Tag: ML

How Spotify Uses Design To Make Personalization Features Delightful

Every day, teams across Spotify leverage AI and machine learning to apply our personalization capabilities on a large scale, leading to the features, playlists, and experiences Spotify users have come to know and love. And when you spend your days working with emerging technologies, it’s easy to get transfixed by complicated new advancements and opportunities. So how do our forward-thinking teams ensure they can tackle this technical work while also prioritizing the experience of our users? 

That’s a question constantly on the mind of Emily Galloway, Spotify’s Head of Product Design for Personalization. Her team’s role is to design content experiences that connect listeners and creators. This requires understanding our machine learning capabilities as they relate to personalization to leverage them in a way that is engaging, simple, and fun for our users. 

“Design is often associated with how something looks. Yet when designing for content experiences, we have to consider both the pixels and decibels. It’s more about how it works and how it makes you feel,” Emily explains to For the Record. “It’s about being thoughtful and intentional—in a human way—about how we create our product. I am a design thinker and a human-centric thinker at my core. People come to Spotify to be entertained, relaxed, pumped up, and informed. They come for the content. And my team is really there to think about that user desire for personalized content. What are we recommending, when, and why?”

The Personalization Design team helps create core surfaces like Home and Search, along with much-loved features like Discover Weekly, Blend, and DJ. So to better understand just how to think about the design behind each of these, we asked Emily a few questions of our own.

How does design thinking work to help us keep our listeners in mind?

When you work for a company, you know too much about how things work, which means you are not the end user. Design helps us solve problems by thinking within their mindset. It’s our job to be empathetic to our users. We have to put ourselves in their shoes and think about how they experience something in their everyday life. A big thing to keep in mind is that when using Spotify, phones are often in pockets and people look at the screen in quick, split-second moments. 

Without design, the question often becomes, “How do we do something technically?” For those of us working at Spotify, we understand how or why we’re programming something technically in a certain way, but users don’t understand that—nor should they have to. What they need is to experience the product positively, to get something out of it. We’re accountable for creating user value. We really are there to keep the human, the end user, at the forefront. 

Without this thinking, our products would be overcomplicated. Things would be confusing and hard to use, from a functionality perspective. Good design is about simplicity and should largely remain invisible. 

But design is also additive: It adds delight. That’s what I love about projects like DJ or Jam that are actually creating connection and meaning. Design is not afraid to talk about the emotional side—how things make you feel. 
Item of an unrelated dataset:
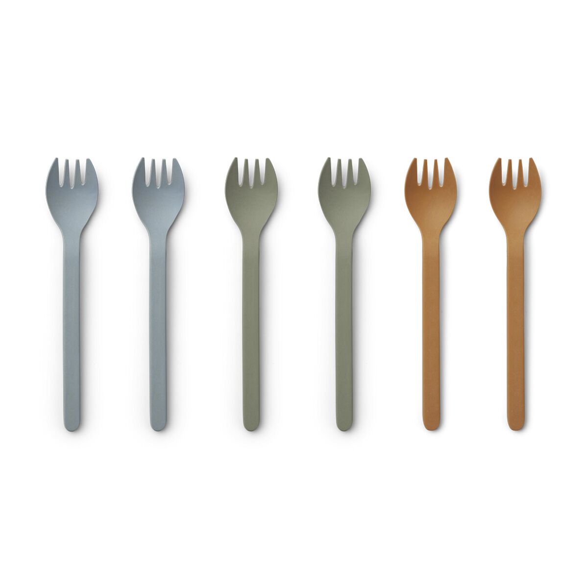 Die biobasierten Liewood Selena Kindergabeln aus PLA fühlen sich weich an und sind eine perfekte Ergänzung für jedes Geschirr Set. Die Gabeln stellen eine nachhaltige Alternative zu Einweggabeln dar.

How does design relate to personalization?

Personalization is at the heart of what we do, and design plays an important role in personalization.  

Historically, Spotify’s personalization efforts happened across playlists and surfaces like Home and Search. But over time we utilized new technologies to drive more opportunities for personalization. This started from a Hack Week project back in the day to become Discover Weekly, our first successful algorithmically driven playlist. It then gave way to Blend, which was designed for a more social listening experience. And more recently, to DJ, our new experience that harnesses the power of AI and editorial expertise to help tell artists’ stories and better contextualize their songs. It utilizes an AI voice that makes personalization possible like never before—and it’s a whole new way for our listeners to experience Spotify’s personalization. 

When designing personalized experiences like these, we must think “content first,” knowing people come to Spotify for the content. Design ultimately makes it feel simple and human and creates experiences that users love. If recommendations are a math problem, then resonance is a design problem.

But we also have to have what I like to call “tech empathy”—empathy for the technology itself. My team, which is a mix of product designers and content designers, has to understand how the technology works to design our recommendations for the programming. Personalization designers need to understand the ways in which we’re working with complex technology like machine learning, generative AI, and algorithms. Our designers need to consider what signals we’re getting that will allow our recommendations to get better in real time and overtime. And when a recommendation is wrong, or a user just wants a different mood, we need to design mechanisms for feedback and control. That really came into play when we developed our AI DJ.

Tell us the story of the inception of DJ.

We’re always trying to create more meaningful connections between listeners and creators in new and engaging ways. And we use technology to deliver this value. DJ is the perfect example of how we’re driving deeper, more meaningful connections through technology.

Prior to generative AI, a “trusted friend DJ” would have required thousands of writers, voice actors, and producers to pull this off—something that wasn’t technically, logistically, or financially possible. Now, new technologies have unlocked quality at scale. Xavier “X” Jernigan’s voice and personality delivers on our mission of creating more meaningful connections to hundreds of millions of people. Generative AI made the once impossible feel magical.

To bring DJ to life we answered some core experiential questions knowing we are taking listeners on a journey with both familiar and unfamiliar music. We asked questions such as: What does it mean to give context to listening? How do we visualize AI in a human way? You can see this in how the DJ introduces itself in a playful way—owning that it’s an AI that doesn’t set timers or turn on lights. 

We also put a lot of thought into how we designed the character, since it is more than a voice. 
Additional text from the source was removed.